I was lucky enough to snag a window seat on the last leg of my journey, departing from Paris. This allowed me a gorgeous view of the Alps as we crossed into Italy. I love how clouds put a mountain range’s enormity into perspective. I tried to capture this in a few photos. Having let these snow capped peaks recede behind us, we came upon a quintessential aerial view of the country. Lush green hills sported clusters of red roofed houses, perfectly aligned rows of olives and grapes lay in a haphazard patch work, larger cities had roads that sanctioned them into distinct shapes. In the distance I could see the Mediterranean, churning against a distant shore.
These images swelled as we began our decent, and I think it finally hit me that this was really happening, although, it remains slightly surreal to me as I sit in my apartment just a step away from the Basilica of San Lorenzo. In getting off the van that brought us to check in, we received a rather unique welcome. A 10K had just been run, and the square was spilling with sweaty Italians in deep purple shirts and running shorts. Much like the cars here in Italy, people walking about have their own prerogative and will not move from your path or side step as they barrel toward you. My time in New York prepared me well for this, and I was able to maneuver my suitcase over the cobblestone with relative ease.
After a little confusion at check in, I made it to my apartment. In doing so, I caught my first glimpse of the Duomo. I have a sneaking suspicion I’ll be snapping a picture of this magnificent building at least once a day. Despite a small blemish of scaffolding distorting its façade at the moment, it is breathtaking. It towers as if supporting the sky and is tiled in the most pleasing array of colors. Sage green plays on rusted red and off white, like a soft Italian flag set in mosaic.
My roommates and I later passed the Duomo again, eliciting the same response from me, as we headed out to explore. Firstly, we located one of our classrooms, an ATM, and a grocery. On the way, though, we passed some wonderful sights. It seems you can’t take a step in Florence without seeing something worthwhile. We passed through Piazza della Repubblica, home of statues, an enormous arch way, and festive carousel. We walked down by Fiume Arno and were delighted by rowers, pigeons, and a sunset that served to silhouette the rows of bridges beautifully. We passed through Piazza della Signoria, where stands the Uffizi Gallery and Palazzo Vecchio, what serves as Florence’s city hall. In passing these sights we also lost our way a few times, stumbling upon grand structures whose names and functions we have yet to discover as well as a few of Florence’s “sketchier” streets. These streets grow so narrow that you are forced to scooch past the graffitied walls in single file and the sun barely reaches the pavement. Owners peer from the doorways of tiny shops set between Florence’s few garages, inspiring me more to shuffle away than join them inside.
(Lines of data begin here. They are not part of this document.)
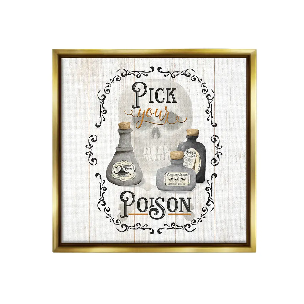 Elevate your home or office to the next level with Stupell Framed Floating Canvas Wall Art. Our premium hand-stretched canvas is mounted securely into a sturdy lightweight frame. The museum-style gap between the wrapped canvas and the box frame gives the illusion of floating artwork. Stupell Wall Art is made in the USA.Features: Dimensions: 18 x 1.7 x 18 Frame, 17 x 1.5 x 17 Canvas ArtFloating Frame Canvas Products are available in sizes 18"x18" and 25"x25". All Floating Frame Canvas Products have a 1.7" Depth.Wall Art is Ready to Hang with Hardware Free Hanging. No Installation required. For Easy Set Up Lean or Layer Artwork on Shelf or Against Wall. Artwork is Permently Fixed into the Frame.Our elevated 1.7" Thick Floating Frame is the perfect complement to our canvas style Wall Art. We use only the highest quality inks in house with industry leading printing solutions. Canvas is hand stretched over a durable wood foundation and then mounted securly into a Modern Box Frame. Made in the USA.Artwork Relates To: Bottle, Jar, Witch, Herb, Brew, Potion, Skull, Halloween, Vintage, Rustic, Phrase, Pattern, Pick Your PoisonDesign by Deane Beesley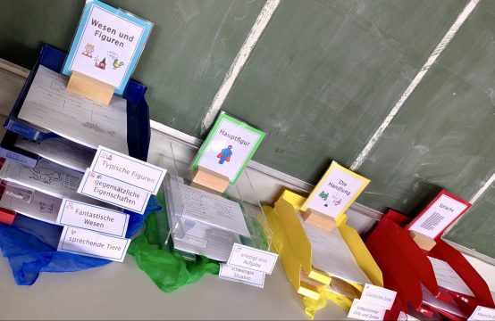 Entdeckend beschäftigte sich die Klasse 5c mit einer Stationsarbeit mit den Merkmalen von Märchen. An vier Stationen konnten die Schüler:innen sich unter anderem auf die Suche nach typischen Märchenfiguren, magischen Zahlen oder gegensätzlichen Eigenschaften in Märchen machen. Die Schüler:innen konnten sich so mit Spaß und Bewegung in ihrem eigenen Tempo die Inhalte der jeweiligen Stationstische erarbeiten und waren anschließend in der Lage, diese Merkmale in Märchen wie Schneewittchen oder Rotkäppchen wiederzufinden.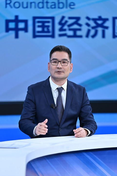 政府工作報告起草組成員、國務院研究室綜合一司副司長黃良浩在第十四期“中國經濟圓桌會”錄制現場發言。新華社記者 李鑫 攝

Of course, in our wandering, we also passed through pockets of amazing smells. Restaurants constitute a huge portion of the storefronts here, often offering outside seating or, at the small cafes, roadside service. The pastries stare tantalizingly from their cases out front, paninis are stacked high and wide in their displays, couples enjoy steaming pasta under covered tables on the sidewalk, and there are quite literally gelaterias every ten feet. Mounds of the Italian ice cream they serve call to you as you pass. The colors are gorgeous and the creaminess is evident just in visual observation. I look forward to defacing one of these beautiful displays in order to fill my own cup of gelato very soon. Of course, the trouble will be picking a stand, and more importantly, picking a flavor.
With night upon us and our feet growing weary, we returned to our apartment. I am glad to report that my first day in Italy was a success. I cannot wait to begin discovering the city in earnest and learning the language of its people. It will be a happy day when I don’t have to force an Italian to revert to my native English to help me in buying a few tomatoes. In any case, I am glad for the challenge and excitement that awaits me in this great country. Time for the adventures to begin!